Étienne Gailly

Medal record

Men's athletics

Representing Belgium

Olympic Games

= Étienne Gailly =

Étienne Gailly (/fr/; 26 November 1922, Beringen – 3 November 1971, Genval) was a Belgian soldier and Olympic athlete who competed mainly in the Marathon.

==Career==
Étienne Gailly was a Belgian who served as a paratrooper during World War II. Towards the end of the War, as he participated in the liberation of his home country in late 1944, Gailly was profoundly moved by the devastation to his home. He vowed that he would win an Olympic gold medal or drop trying.

He was a club runner, wearing the colors of London's Belgrave Harriers. After the war he continued running. His results after the war were moderately good but not threatening to the world leaders. In 1948, he was not rated as a serious contender for the Olympic marathon, held in London.

In his first full marathon run, in very hot conditions Gailly took the race out hard. Inexperienced at this distance, and underestimating the dehydrating effect of the severe and unusual heat and humidity, he opened up a lead of over half a minute at the course midpoint. On two occasions he beat back challenges, first from Korean Choi and then from Argentinian Cabrera. It seemed he might win, although by this point his lead was dwindling and his pace was slowing.

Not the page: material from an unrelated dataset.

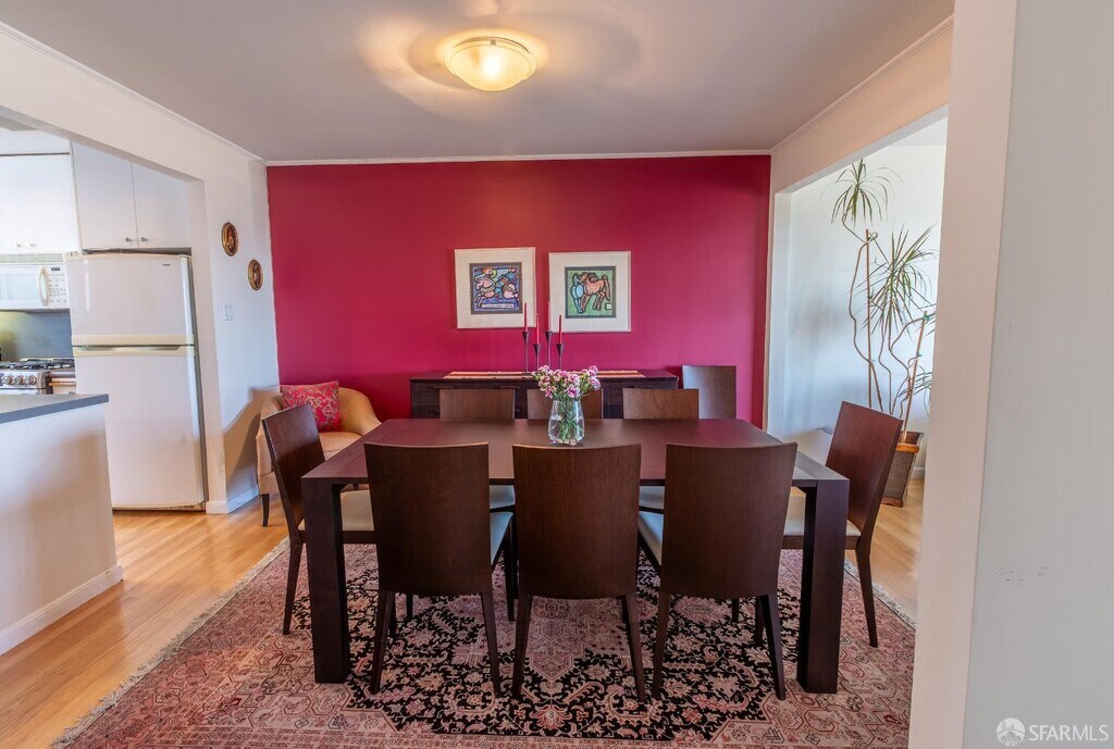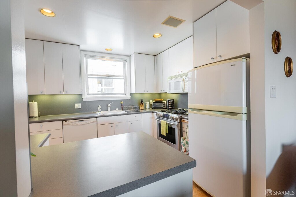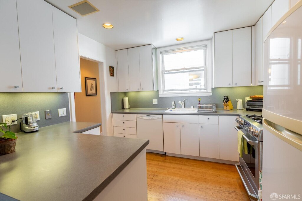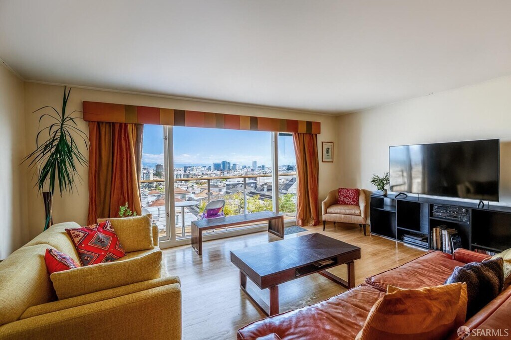 Beautiful and spacious, this mid-century one-bedroom, one-bath condominium is one of only four units in a quiet, well-maintained Anza Vista building. Enjoy spectacular panoramic downtown and city skyline views not only from the open living and dining area but also from the bright, open kitchen and even the bathroom. The living space flows seamlessly onto a private deckthe perfect spot to take in colorful sunrises, golden-hour light, or San Francisco's sparkling nighttime skyline. The home features gleaming hardwood floors, two generous walk-in closets, and an updated kitchen with quartz countertops, stainless steel gas range, dishwasher, and full-size refrigerator. The bathroom includes a classic cast-iron tub and shower combination, ideal for relaxing after a long day. Additional highlights include a private garage with deeded parking, easy street parking, bicycle storage, and a shared landscaped backyard garden. Ideally located near USF, Kaiser Permanente, Golden Gate Park, Laurel Village, NOPA, Trader Joe's, Target, and public transportation, this pristine residence at 64 Encanto Avenue is offered fully furnished on a one-year leasecombining comfort, convenience, and iconic San Francisco views in one truly special home.

However, nearing the stadium and the finish, he suddenly ran out of gas. As he faded, Gailly was reeled in by Delfo Cabrera (ARG) and Tom Richards (GBR). Entering the stadium in the lead but stumbling with exhaustion, the crowd roaring encouragement, he was passed by Cabrera during the final lap. He fell and was then passed by Richards. Despite falling again, he dragged himself half-standing over the line. He finished third to a standing ovation. Cabrera finished in 2:34:51.6, Richards in 2:35.07.6, and Gailly in 2:35.33.6.

Gailly was unable to attend the victory ceremony because his efforts put him in hospital.

Gailly contested the 1950 European Championship marathon, but his subsequent career was cut short by an injury sustained during service in the Korean War. During the Battle of Haktang-ni, Gailly stepped on a trip-flare sustaining a minor wound.

== Other ==

Both Étienne and his brother Pierre served during the Korean War as part of the Belgian United Nations Command. Pierre Gailly was killed in action, Étienne seriously wounded.